Given material below:

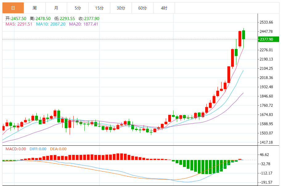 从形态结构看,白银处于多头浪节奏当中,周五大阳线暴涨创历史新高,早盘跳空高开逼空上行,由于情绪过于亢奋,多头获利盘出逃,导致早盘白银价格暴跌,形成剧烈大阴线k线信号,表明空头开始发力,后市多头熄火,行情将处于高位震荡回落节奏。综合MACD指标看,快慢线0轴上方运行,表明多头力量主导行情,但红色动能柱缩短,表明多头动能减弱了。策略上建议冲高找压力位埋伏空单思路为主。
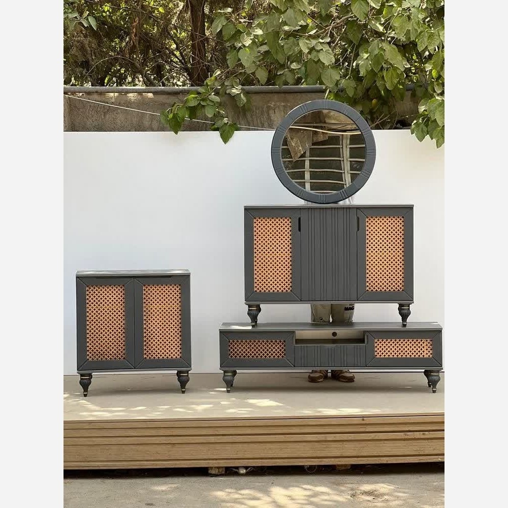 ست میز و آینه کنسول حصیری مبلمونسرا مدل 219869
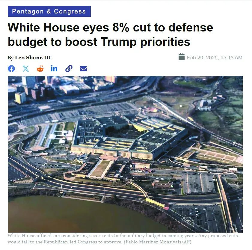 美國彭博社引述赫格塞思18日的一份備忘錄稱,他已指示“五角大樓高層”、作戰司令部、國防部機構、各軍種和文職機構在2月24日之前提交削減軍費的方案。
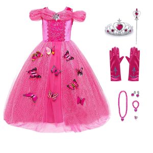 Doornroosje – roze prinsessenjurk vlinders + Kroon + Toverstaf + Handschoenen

End of Given material.

Activity:
Copy out the material word for word, without any images.

Your solution:
 从形态结构看,白银处于多头浪节奏当中,周五大阳线暴涨创历史新高,早盘跳空高开逼空上行,由于情绪过于亢奋,多头获利盘出逃,导致早盘白银价格暴跌,形成剧烈大阴线k线信号,表明空头开始发力,后市多头熄火,行情将处于高位震荡回落节奏。综合MACD指标看,快慢线0轴上方运行,表明多头力量主导行情,但红色动能柱缩短,表明多头动能减弱了。策略上建议冲高找压力位埋伏空单思路为主。
 ست میز و آینه کنسول حصیری مبلمونسرا مدل 219869
 美國彭博社引述赫格塞思18日的一份備忘錄稱,他已指示“五角大樓高層”、作戰司令部、國防部機構、各軍種和文職機構在2月24日之前提交削減軍費的方案。
 Doornroosje – roze prinsessenjurk vlinders + Kroon + Toverstaf + Handschoenen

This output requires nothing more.